2 Devs from Down Under Podcast

Andrew Scott

unread,
Sep 8, 2011, 2:21:31 AM9/8/11
to cfau...@googlegroups.com
Steve, I have to agree with where you are coming from. When you compare physical to virtual, it does seem very expensive to run.

But I also understand the benefits that Virtual gives you as well, and I am with you in that I am not sure that for small and I refer to you as small in the space of it all, could justify the cost of Cloud Computing.


-- 
Regards,
Andrew Scott
WebSite: http://www.andyscott.id.au/

Josh Wines

unread,
Sep 8, 2011, 2:28:13 AM9/8/11
to cfau...@googlegroups.com
Don't forget to also look into Amazon's 'Reserved Instance' pricing as that is a much more cost effective solution when running instances, especially 24/7.

Paul Kukiel

unread,
Sep 8, 2011, 2:32:51 AM9/8/11
to cfau...@googlegroups.com
Sure but its not just simply setup and your database is persistent you need to offload to EBS at intervals or snap shot the instance.  Where as rackspace is more like a typical VPS/colo machine just in an elastic environment.

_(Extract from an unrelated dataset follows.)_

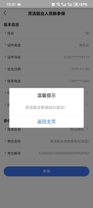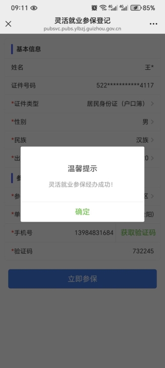 4.点击“参保”,系统温馨提示“灵活就业参保经办成功!”。
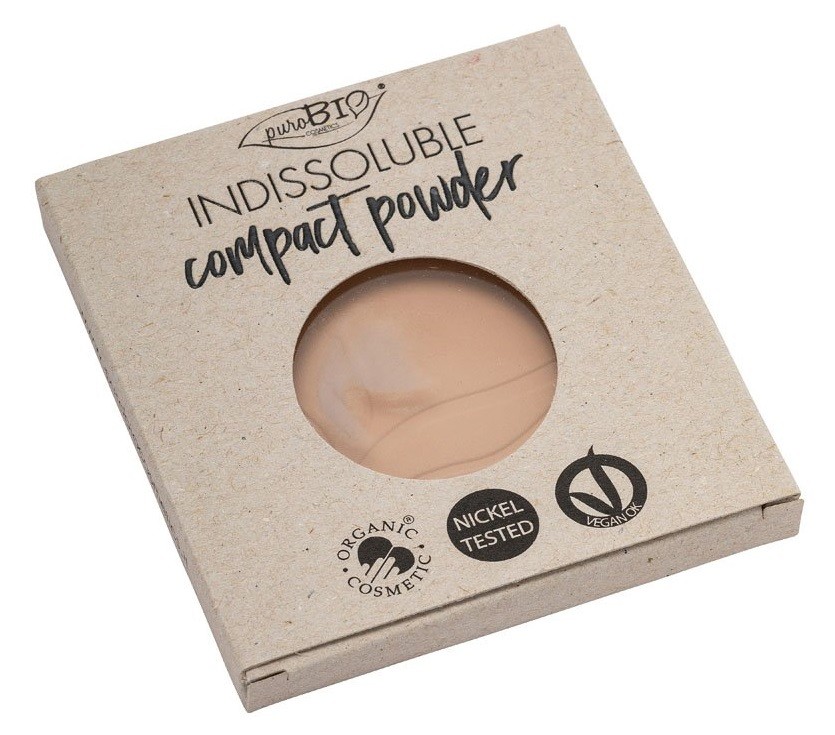 La cipria INDISSOLUBLE di PuroBio Cosmetics opacizza l’incarnato, grazie alla presenza di silica, amido di mais, polvere di riso.

I'm just saying this is something to consider when making the move

Paul

--
You received this message because you are subscribed to the Google Groups "cfaussie" group.
To post to this group, send email to cfau...@googlegroups.com.
To unsubscribe from this group, send email to cfaussie+u...@googlegroups.com.
For more options, visit this group at http://groups.google.com/group/cfaussie?hl=en.



--
Paul Kukiel

Mark Mandel

unread,
Sep 8, 2011, 2:32:56 AM9/8/11
to cfau...@googlegroups.com
Yeah, to replace an entire hosting setup, it may not be cost effective. But for specific applications, it can make a lot of sense when you look at the wider functionality available.

If you are looking at massive dips and spikes in traffic - you can't go past being about to expand and collapse in the cloud (Elastic Load Balancer).
If you are going to do massive asynchronous batch processing of data off and on - spot instances make a lot of sense here.
You need a CDN - cloudfront makes a lot of sense, building your own would suck
Massive MySQL replication - RDS can make a lot of sense (although their performance on mySQL isn't crash hot in my experience).
If you want to split up your application into lots of micro boxes that each have their own tasks - SQS and Micro Instances, are awesome. (Trickier to do this on traditional architectures).

The list goes on.

It's pretty neat set of tools, but if you were to look at it as a straight 'I have a server here, vs I have a server somewhere in the sky', it doesn't necessarily match up.

Mark

Mark Mandel

unread,
Sep 8, 2011, 2:37:39 AM9/8/11
to cfau...@googlegroups.com
Well, you can use RDS or Oracle offerings.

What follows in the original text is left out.